In the past, the solar farms in question would have been rejected for connection until structural upgrades were made but the technology we have deployed prevents these assets from overloading the grid. It is hoped that the FICS project represents a launchpad for much faster and larger renewable energy developments across the US. In both the UK and US, electricity regulators are taking a much closer look at the potential for flexible connections to enable much more local generation as well as save bill payers from additional cost burdens of grid upgrades.
It is also worth noting that in recent years water utilities have become much more interested in using their land for renewables, so they are familiar with the connection issues we are talking about. The flip side is that water utilities also have a lot of flexibility when it comes to potable and waste water pumping and processing, so they can vary when they consume and produce electricity. This makes them ideal candidates for the kind of distributed energy system that will become increasingly common. As we move away from having a small number of centralised fossil fuel generators to having multiple smaller-scale clean energy sources and storage, the need to manage grids in a smart and flexible way is going to become paramount.
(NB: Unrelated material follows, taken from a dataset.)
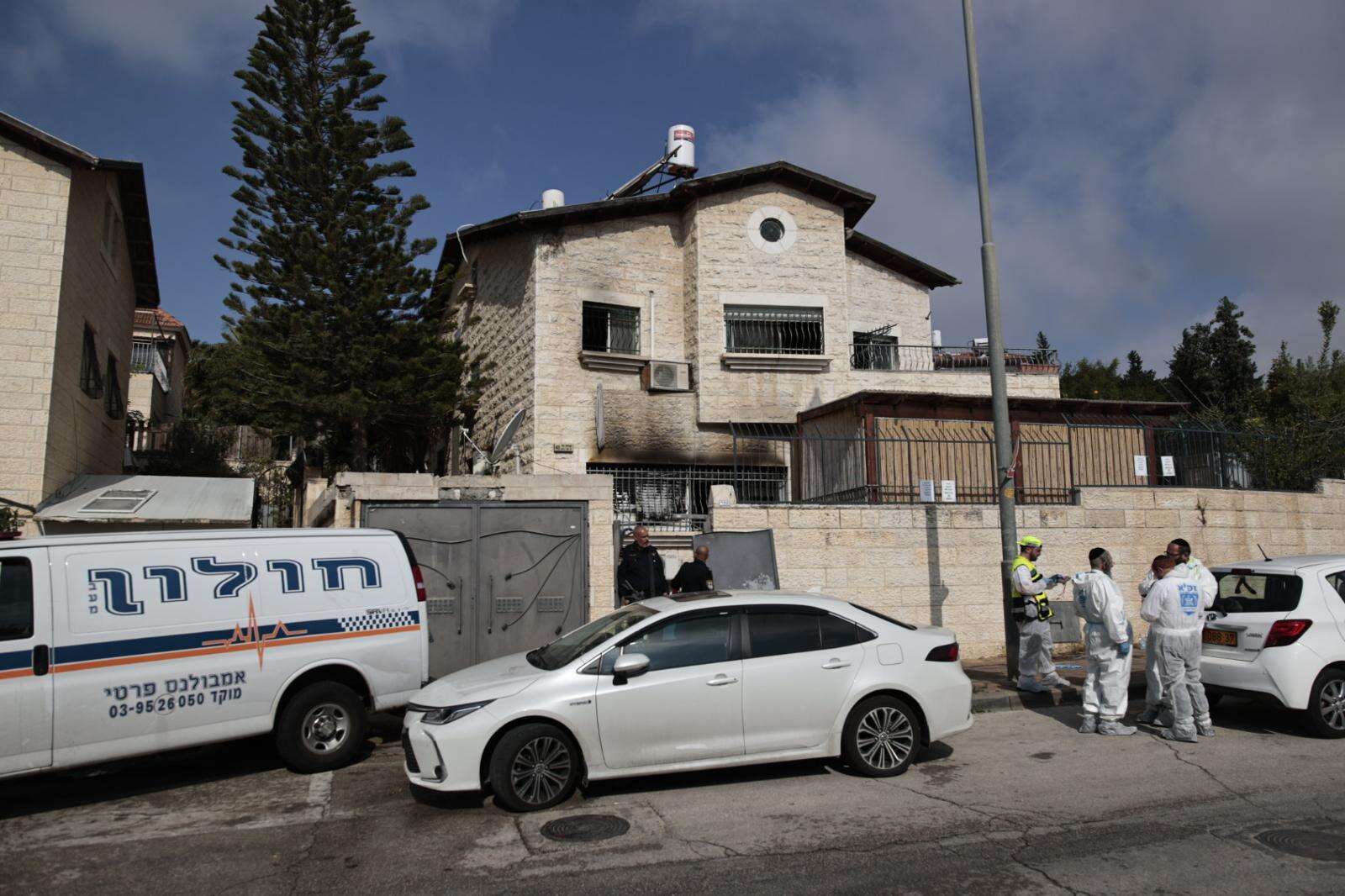 שוטרים וחוקר דליקות של כב"ה פועלים בזירת המבנה השרוף בפסגת זאב // דוברות המשטרה

Looking at the bigger picture, if we’re to make an integrated clean electricity system work, we need more international interconnectors to share clean energy between countries, and keep the system balanced and secure. And we need investment in storage, such as batteries, to keep the energy for when it is needed.
With extra renewable capacity, including hydro and new pumped storage, we will need to move to a much more flexible system that incentivises the decentralised sources of generation to match periods of demand.
The transition to truly green grids can be accelerated and I have no doubt that hydropower will continue to play a strong role. The solutions to getting more renewables connected are ready and waiting.